Published CIPN associated genes.

HGNC
symbol
Cytogenetic
band
Description References
CX3CL1 16q21 chemokine (C-X3-C motif) ligand 1 [24]
EPHA4 2q36.1 Ephrin receptor A4 [23]
EPHA5 4q13.2 Ephrin receptor A5 [22, 23]
EPHA6 3q11.2 Ephrin receptor A6 [23]
FGD4 12p11.21 FYVE, RhoGEF and PH domain containing 4 [22]
FZD3 8p21.1 frizzled class receptor 3 [29]
LIMK2 22q12.2 LIM domain kinase 2 [23]
PRX 19q13.2 periaxin [26]
RFX2 19p13.3 regulatory factor X, 2 (influences HLA class II expression) [21]
TLR4 9q33.1 toll-like receptor 4 [25, 27]
TUBB2A 6p25.2 tubulin, beta 2A class IIa [9]
XKR4 8q12.1 XK, Kell blood group complex subunit-related family, member 4 [22, 23]
ARHGEF10 8p23.3 Rho guanine nucleotide exchange factor 10 [26, 28]

3. Results

3.1 Scheme of iPSC differentiation efficiency analysis in cortical neurons

To investigate whether the differentiation process from iPSC to neurons introduces variation in epigenetics and gene expression, we evaluated these parameters in four distinct batches of neurons created from a single iPSC clone from a single individual (Figure 1, Table 2). iPSC-differentiated cortical neurons are a mixed population of neuronal cells consisting mainly of GABAergic and glutamatergic neurons [8]. These differentiated neurons, were shown to be Tuj1 positive with no obvious morphological differences between three neuronal batches imaged at 48 and 72 h after plating (Figure 1).
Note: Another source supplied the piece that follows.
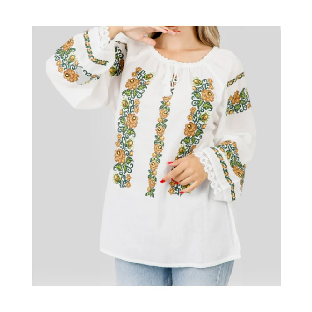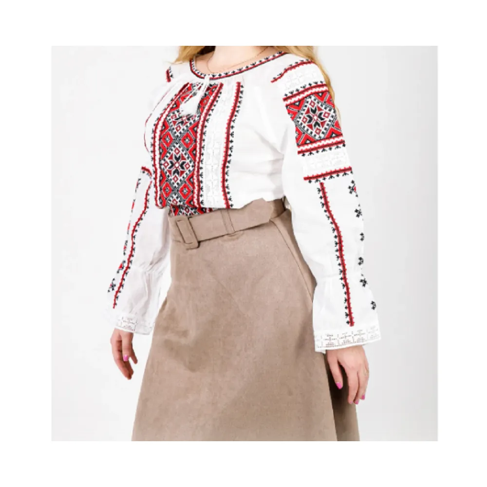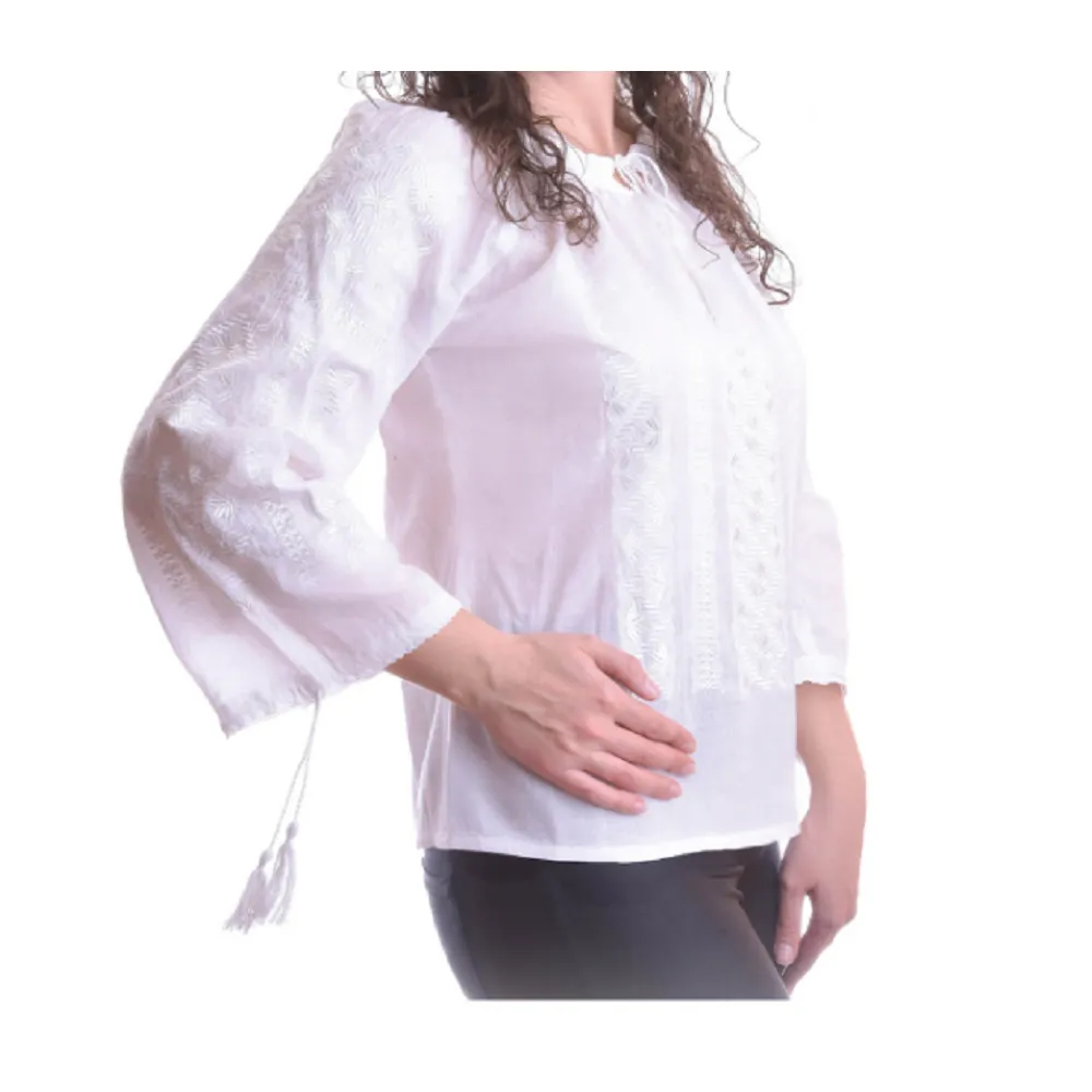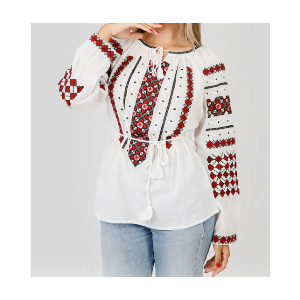 Bluza Tip Ie Traditionala Alba cu Motiv Floral Rosu de Dama- IMS32

We evaluated batch effect between lots by analyzing gene expression using RNA-Seq and modified cytosines using the Illumina 450K arrays, as well as temporal changes of these measurements following neuronal plating. These neurons quickly assumed a typical neuronal morphology with branching neurites that can be measured using an imaging system.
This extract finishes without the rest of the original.